▸ **Task objective**: Please return the listing below exactly, without any of its pictures.

▸ **Supplied information**:
· · · ·

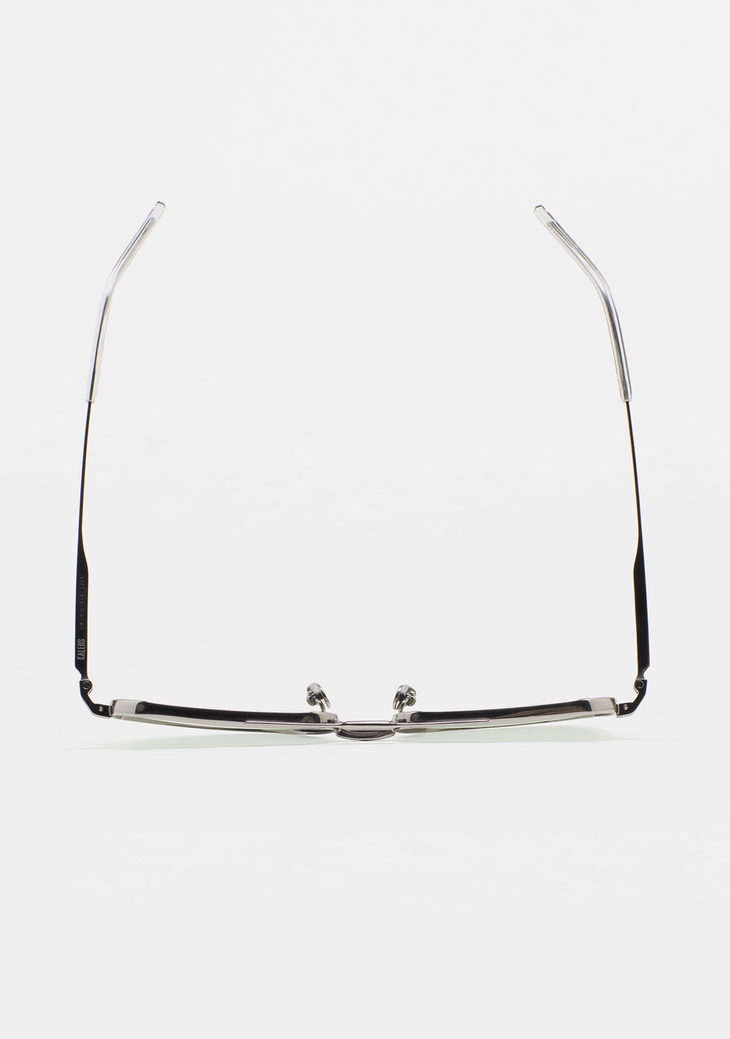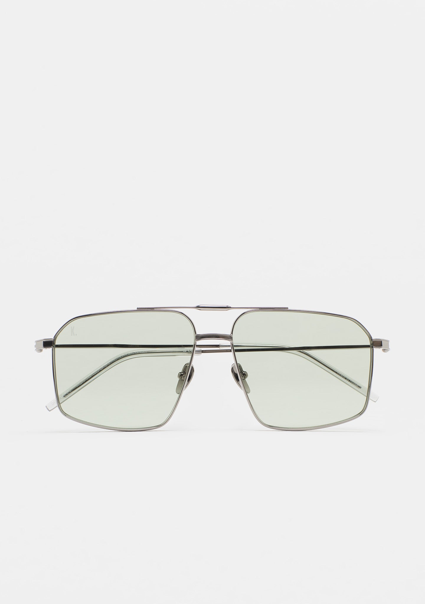 Square sunglasses with double bridge. Silver titanium front and temples. Temples end in transparent gray acetate tips. Green photochromic lenses, base 2, with 100% UV protection and anti-reflective coating. Category 1 3 lenses. Integrated nose pads. Handmade.
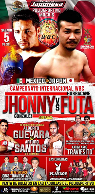 ■カシミジムのハリケーン風太(中岸風太、20勝11KO5敗1分)が12月5日、メキシコのロスモチスで元2階級制覇王者でWBC・S・フェザー級8位のジョニー・ゴンサレス(メキシコ=58勝49KO10敗)と対戦する。風太にとっては世界ランク獲得のチャンス。3月にWBCフェザー級王座を失った34歳のゴンサレスは9月の再起2戦目を落としており、ここが正念場だ。同じ興行では2013年に山中慎介(帝拳)に挑戦して敗れてから4連勝のアルベルト・ゲバラも出場。長谷川穂積(真正)と対戦経験のあるアルツロ・サントス・レイジェスと10回戦。
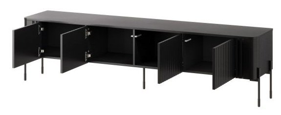 TV komoda Vera 190 cm – Halmar je odlična izbira za vse, ki iščejo eleganten, funkcionalen in trpežen kos pohištva. Črna barva, kovinske noge in sistem PUSH TO OPEN ustvarjajo sodoben videz, ki bo dolgo ostal v trendu. Zaradi premišljene zasnove in kakovostnih materialov je primerna tako za manjše kot večje dnevne prostore. Komoda Vera je dokaz, da lahko tudi preprost dizajn združuje estetiko, funkcionalnost in kakovost v popolno celoto.
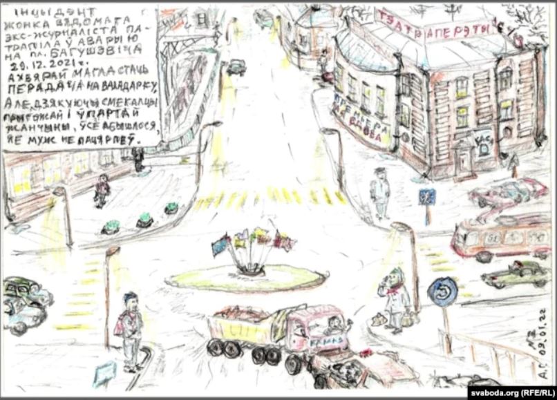 16 ліпеня 2021 году сілавікі прыбылі ў менскі офіс Радыё Свабода, вырвалі камэры відэаназіраньня на паверсе і выламалі трое дзьвярэй у офісе. Сканфіскавалі тэхніку. Таксама зь ператрусам прыйшлі да Алега Грузьдзіловіча, якога пазалетась пазбавілі акрэдытацыі МЗС Беларусі. Яго затрымалі і пакаралі арыштам на 10 дзён. Ніякіх абвінавачаньняў тады ня выставілі.

· · · ·

▸ **Exercise output**:
 Square sunglasses with double bridge. Silver titanium front and temples. Temples end in transparent gray acetate tips. Green photochromic lenses, base 2, with 100% UV protection and anti-reflective coating. Category 1 3 lenses. Integrated nose pads. Handmade.
 ■カシミジムのハリケーン風太(中岸風太、20勝11KO5敗1分)が12月5日、メキシコのロスモチスで元2階級制覇王者でWBC・S・フェザー級8位のジョニー・ゴンサレス(メキシコ=58勝49KO10敗)と対戦する。風太にとっては世界ランク獲得のチャンス。3月にWBCフェザー級王座を失った34歳のゴンサレスは9月の再起2戦目を落としており、ここが正念場だ。同じ興行では2013年に山中慎介(帝拳)に挑戦して敗れてから4連勝のアルベルト・ゲバラも出場。長谷川穂積(真正)と対戦経験のあるアルツロ・サントス・レイジェスと10回戦。
 TV komoda Vera 190 cm – Halmar je odlična izbira za vse, ki iščejo eleganten, funkcionalen in trpežen kos pohištva. Črna barva, kovinske noge in sistem PUSH TO OPEN ustvarjajo sodoben videz, ki bo dolgo ostal v trendu. Zaradi premišljene zasnove in kakovostnih materialov je primerna tako za manjše kot večje dnevne prostore. Komoda Vera je dokaz, da lahko tudi preprost dizajn združuje estetiko, funkcionalnost in kakovost v popolno celoto.
 16 ліпеня 2021 году сілавікі прыбылі ў менскі офіс Радыё Свабода, вырвалі камэры відэаназіраньня на паверсе і выламалі трое дзьвярэй у офісе. Сканфіскавалі тэхніку. Таксама зь ператрусам прыйшлі да Алега Грузьдзіловіча, якога пазалетась пазбавілі акрэдытацыі МЗС Беларусі. Яго затрымалі і пакаралі арыштам на 10 дзён. Ніякіх абвінавачаньняў тады ня выставілі.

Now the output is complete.